*** Begin section ***

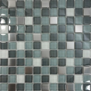 Stainless Steel Blue Glass Mosaic Tile Backsplash Kitchen Wall
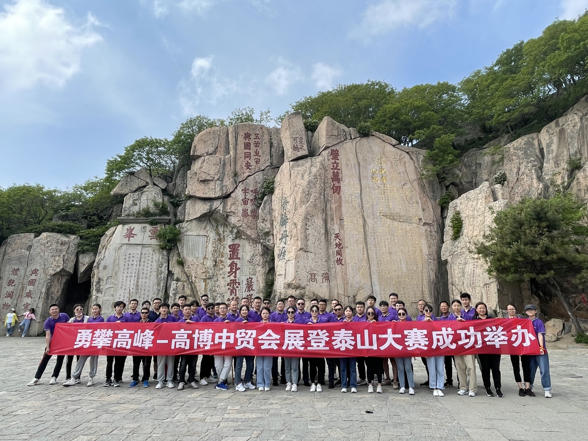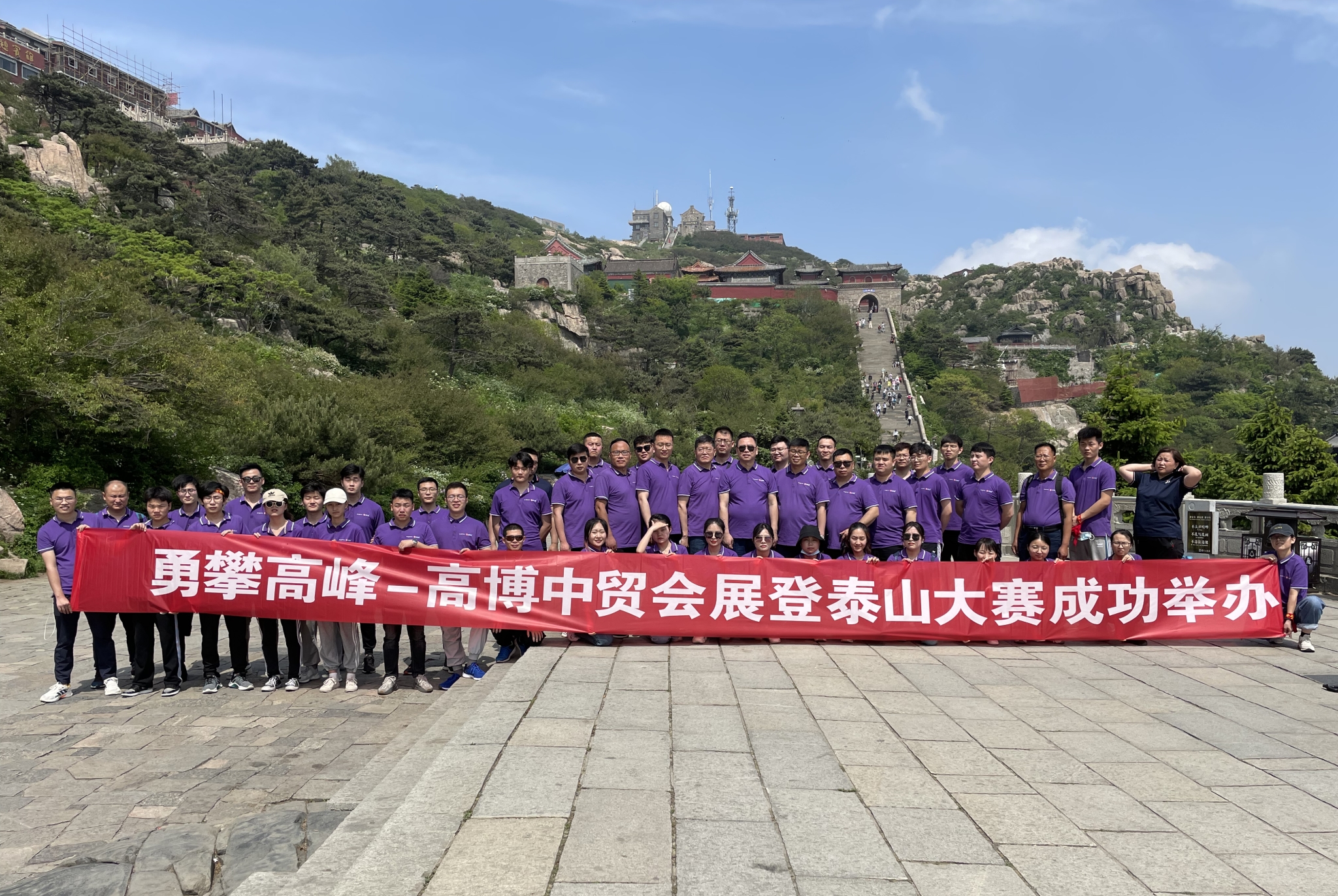 5月31日早,全體員工統(tǒng)一著工裝,乘坐大巴前往泰山,員工們熱情高漲,到達(dá)中天門(mén)后開(kāi)始徒步登山,在中貿(mào)集團(tuán)(高博中貿(mào)國(guó)際會(huì)展集團(tuán))董事長(zhǎng)杜磊的帶領(lǐng)下,向玉皇頂發(fā)起沖鋒。1532.7米的海拔,3000余級(jí)臺(tái)階,中貿(mào)家人們齊心協(xié)力,一路同心,終登泰山之巔。“會(huì)當(dāng)凌絕頂,一覽眾山小”,此次泰山之行也讓中貿(mào)人切實(shí)感受到,堅(jiān)持是最大的力量,只有不斷接受新的挑戰(zhàn),勇于突破,才能看到更美的風(fēng)景。登高望遠(yuǎn),高博中貿(mào)國(guó)際會(huì)展也將再續(xù)新發(fā)展,再啟新征程!
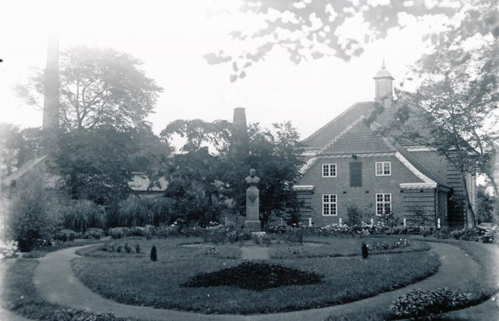 Ribes Elektricitetsværk set fra bagsiden, hvor haveanlægget ”Krügers anlæg” stadig ligger.
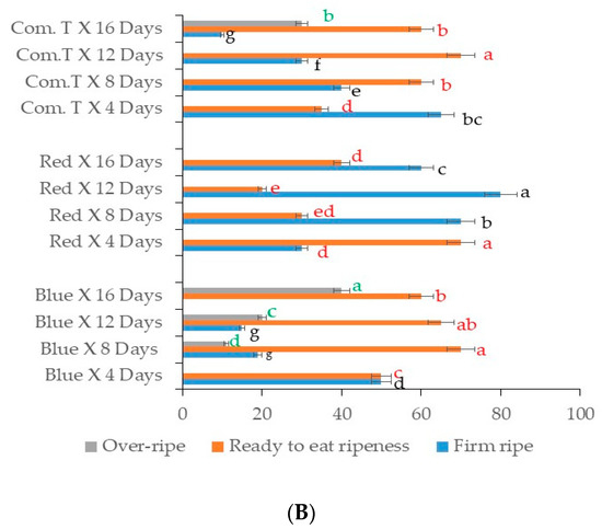 A similar ripening trend was observed in cv. Hass as well, with the fruit exposed to red LED light and stored for 8, 12, and 16 days being firmer than fruit that underwent other postharvest treatments and were stored at different storage periods (Figure 7B). Approximately 70 to 75% of cv. Hass fruit exposed to red LED and stored for 8 to 16 days were firmer when compared to the fruit from blue LED light or chemical fungicide treatment (Figure 7B). Conversely, commercial fungicide treated fruit stored for 12 days or fruit exposed blue LED light and stored up to 8 days showed the highest percentages of ready-to-eat stage ripe fruit. Furthermore, cv. Hass fruit exposed to blue LED light and stored for 12 and 16 days showed around 22 to 28% overripe fruits, and commercial fungicide treated fruit stored for 16 days also showed 30% overripe fruit.
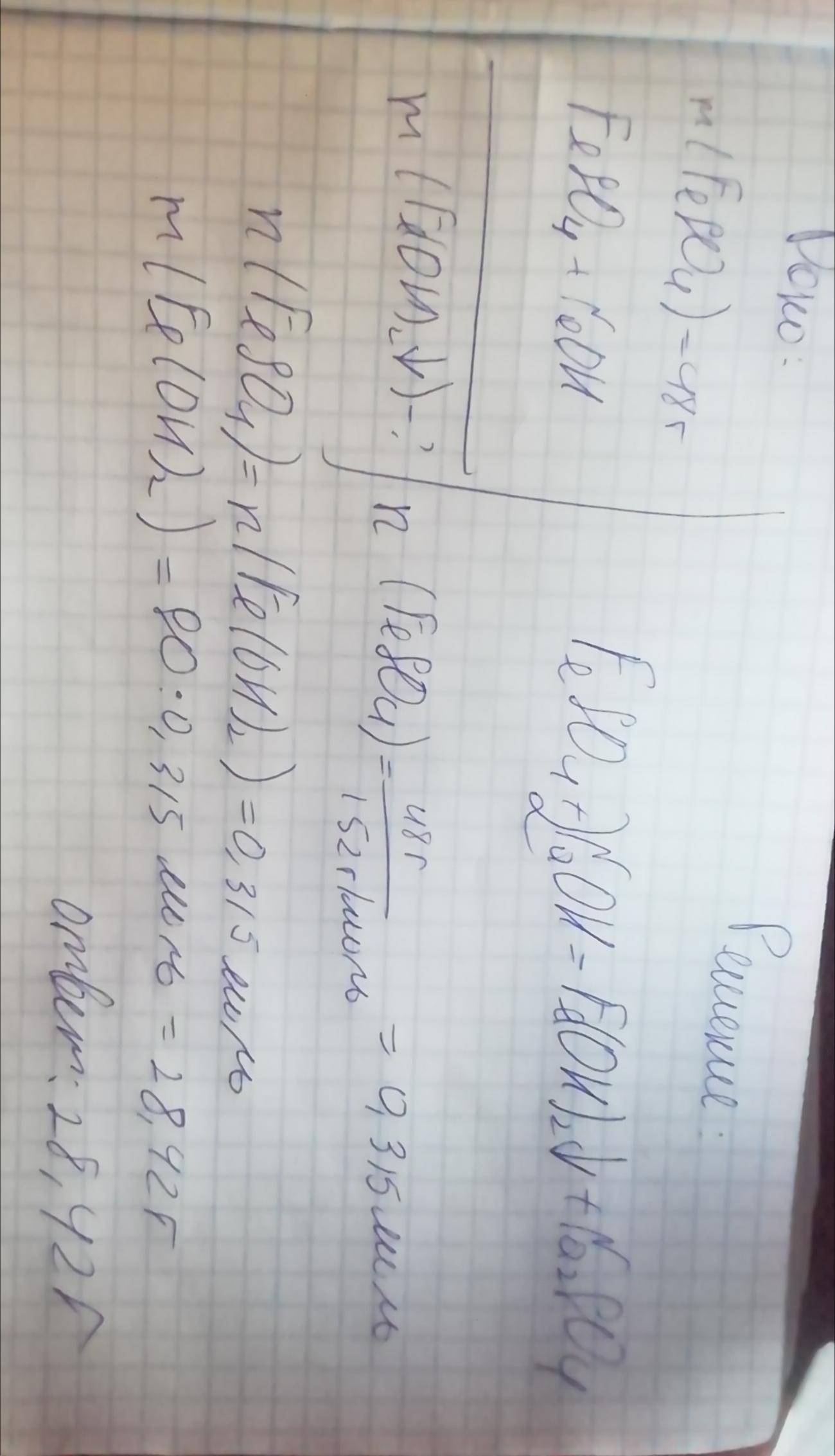 К раствору, содержащему 48,0 г сульфата железа (II) добавили раствор гидроксида натрия.
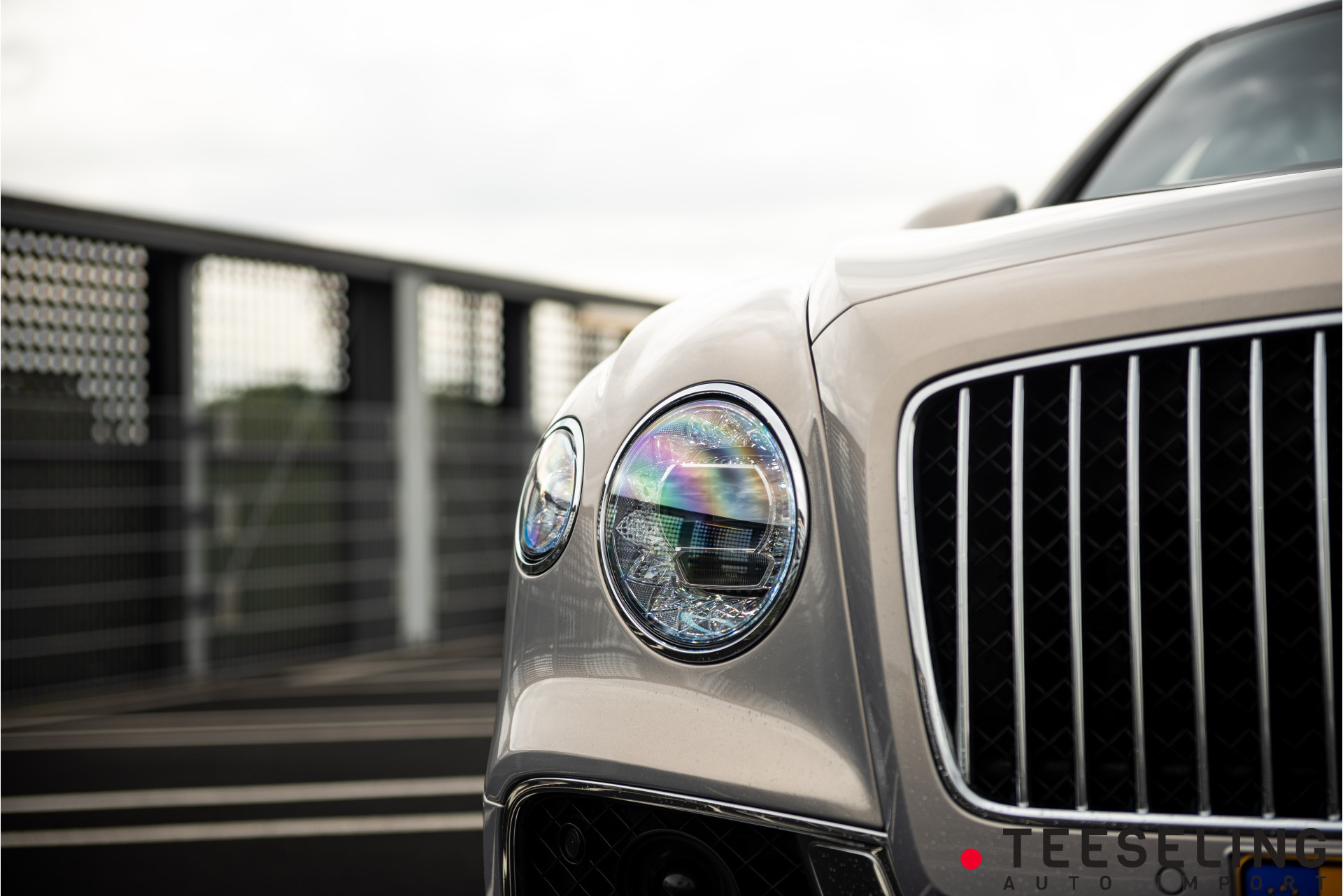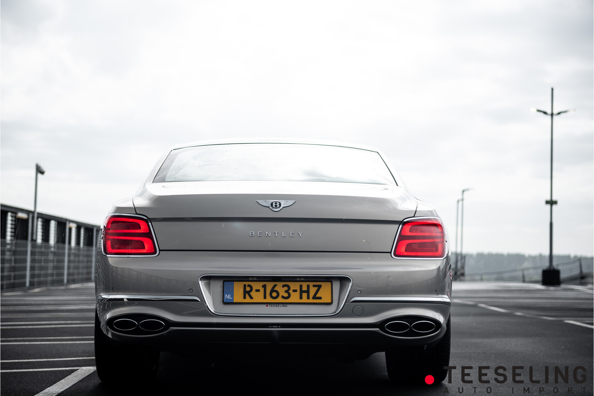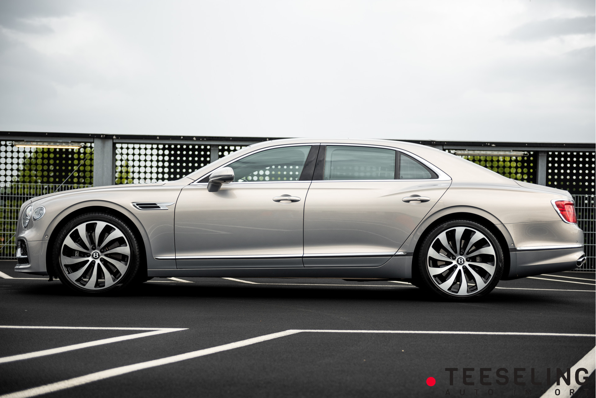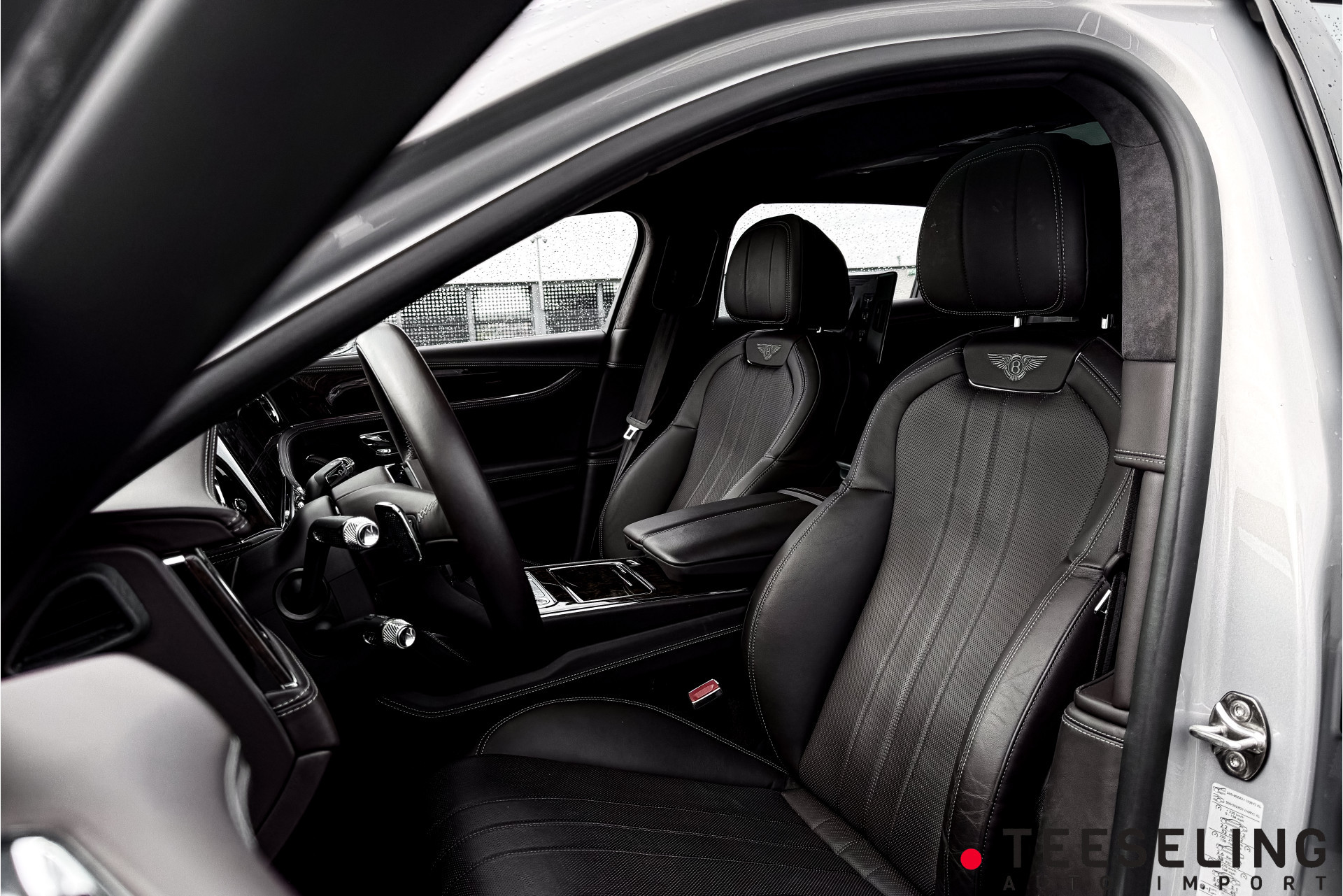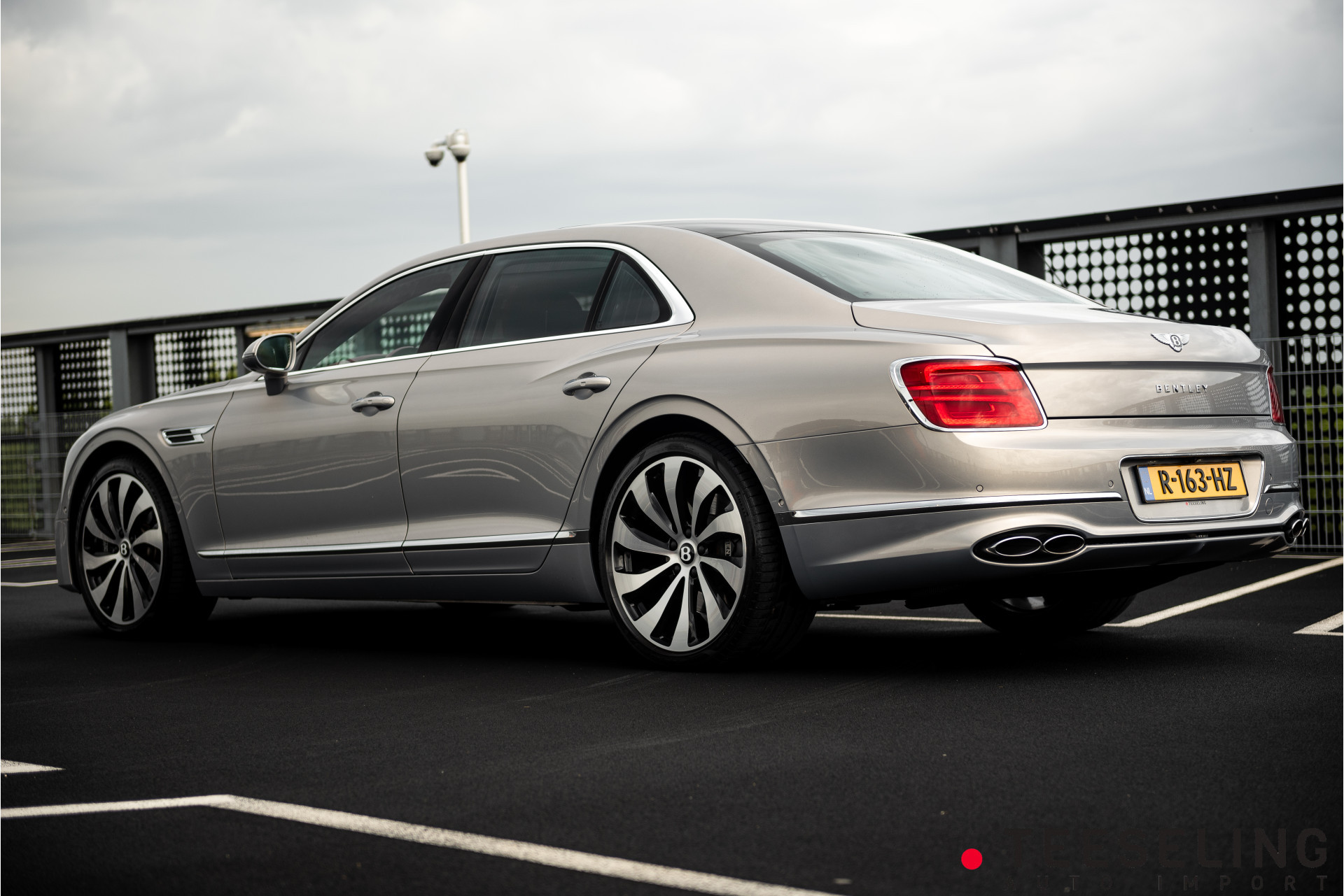 De carrosserie is uitgevoerd in de exclusieve kleur Extreme Silver — een zijdezachte, licht metallic zilvergrijze tint die onder elk lichtspel verandert van karakter. Subtiel en ingetogen, maar met een verfijnde glans die de gespierde lijnen van de Flying Spur prachtig accentueert. Een kleur die klasse uitstraalt zonder te schreeuwen — geheel in lijn met het Bentley-DNA.
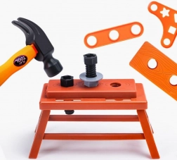 Tous les composants sont fabriqués en plastique résistant et sûr, sans arêtes vives. La mallette pratique sert non seulement d’espace de rangement, mais aussi de moyen simple pour transporter l’atelier, par exemple au jardin ou chez les grands-parents.
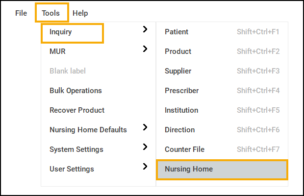 Select Tools - Inquiry - Nursing Home to open the Find Institution screen:
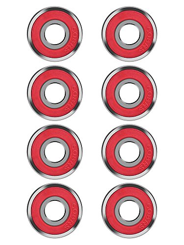 eBoot 8 pack 608 2RS bearings skateboard bearings longboard bearings for toy, double shielded (red) Standard size and proper quantities: 8 Pack red 608 2RS skateboard bearings, proper amount for meeting your needs; You can get red bearings that make your skateboard looks cool. Reliable material: Skate bearings is made of bearing steel, is more durable and has better performance than carbon steel; 608 2RS skateboard bearings have good sealing performance, colorful rubber caps on both sides can keep dust out. Wide application: Suitable for being applied in such applications as skateboards, inline skates, longboard, roller skate, scooters, toy, etc. Warm notice: 1. If you apply it for the main spin bearing of toy, please make sure the size of bearing is 608 bearing and clean the oil of bearings; The oil can anti-rust and lengthen life, but will reduce the speed. 2. If you want to keep your bearings a lengthen lifespan, please keep bearings clean, dry and maintain with slushing oil and lubricating oil regularly. Specifications: Material: bearing steel Color: red Inner diameter: 8 mm Outer diameter: 22 mm Thickness: 7 mm Package includes: 8 x Red skateboard bearings 0

*** End section ***

**THE PROBLEM**
Using the data above, print only the lines starting at the one with "К раствору, содержащему" and ending at the one with "Select Tools - Inquiry", exactly as they stand, minus the pictures.

**TASK RESPONSE**
 К раствору, содержащему 48,0 г сульфата железа (II) добавили раствор гидроксида натрия.
 De carrosserie is uitgevoerd in de exclusieve kleur Extreme Silver — een zijdezachte, licht metallic zilvergrijze tint die onder elk lichtspel verandert van karakter. Subtiel en ingetogen, maar met een verfijnde glans die de gespierde lijnen van de Flying Spur prachtig accentueert. Een kleur die klasse uitstraalt zonder te schreeuwen — geheel in lijn met het Bentley-DNA.
 Tous les composants sont fabriqués en plastique résistant et sûr, sans arêtes vives. La mallette pratique sert non seulement d’espace de rangement, mais aussi de moyen simple pour transporter l’atelier, par exemple au jardin ou chez les grands-parents.
 Select Tools - Inquiry - Nursing Home to open the Find Institution screen:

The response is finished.